The vast majority of software we develop is worthless – not because it was written poorly, but because we discover that nobody wants it. This can be heartbreaking and demotivating for the team that built it. It doesn’t help the organisation either: it wastes precious human capital; massive amounts of money; and (perhaps most valuable of all) lots of time.

Part of the problem is that we are prone to fooling ourselves about what we know. Nassim Taleb calls this “Epistemic Arrogance”. We are all susceptible to it because our brains work hard to confirm what we believe to be true. This gives us false confidence about what customers want and the value they will get from it – and we treat our assumptions as if they were fact.

We can’t just transfer the risk to a Product Owner or the HiPPO (Highest Paid Person’s Opinion – they have the same challenge and need help to combat this too.

To succeed in Product Development we need to acknowledge uncertainty, adjust our approach and take a more experimental approach. Rather than diving head-first into unknown waters we need to reduce the risk by safely exploring the unknown terrain to discover a path to success.

This workshop will help you to better understand why an experimental approach is so critical in product development. It then focus on providing you with some useful tools and techniques for navigating and finding answers to key questions:

  • The Why: Do we have problem worth solving? Do people want it?
  • The What: What are the potential solutions to the problem? How do we develop something that people will love? How can we achieve the fabled “product-market-fit”?
  • The How: Having solved it, can we monetize it?

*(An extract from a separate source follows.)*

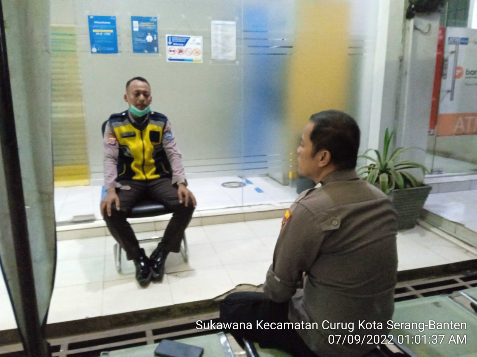Dalam giat ini, anggota Polsek Curug Polresta Serkot Bripka Aris H,SH. dan Bripka Ikhsan,SH. memberi arahan dan pesan-pesan Kamtibmas kepada Security Bank serta mengingatkan tentang Prokes dan kesiap siagaan saat bertugas antisipasi kejahatan.
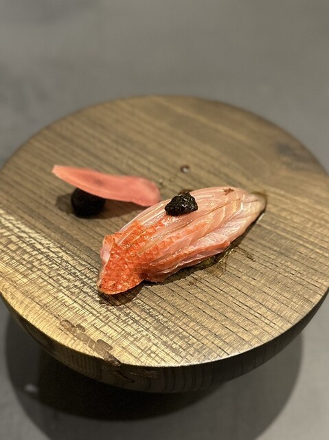 ⑱杉寿司 TYPE-S(鰹魚醤でGVした勝浦産釣りキンメ2kg弱サイズ、うに、トリュフ風味の卵黄、新政亜麻猫の酒粕和え茗荷ピクルス)

How do we explore potential business models for providing the solution, timing and potential go-to-market strategy?

Learning Outcomes:

  1. Understand the complexity inherent in product development: Cynefin & Complexity, Double-loop Learning and Discovery
  2. Get an understanding of how our brains work when faced with uncertainty and why we fool ourselves to fall in love with our ideas.
  3. How we can hack our brains and surface our hidden assumptions about value.
  4. How to transform assumptions into hypothesis and design experiments to validate/invalidate assumptions.
  5. Experimental techniques that you can use to better understand the problem you are trying to solve (the why), potential ways to solve the problem (the what) and possible business models (the how)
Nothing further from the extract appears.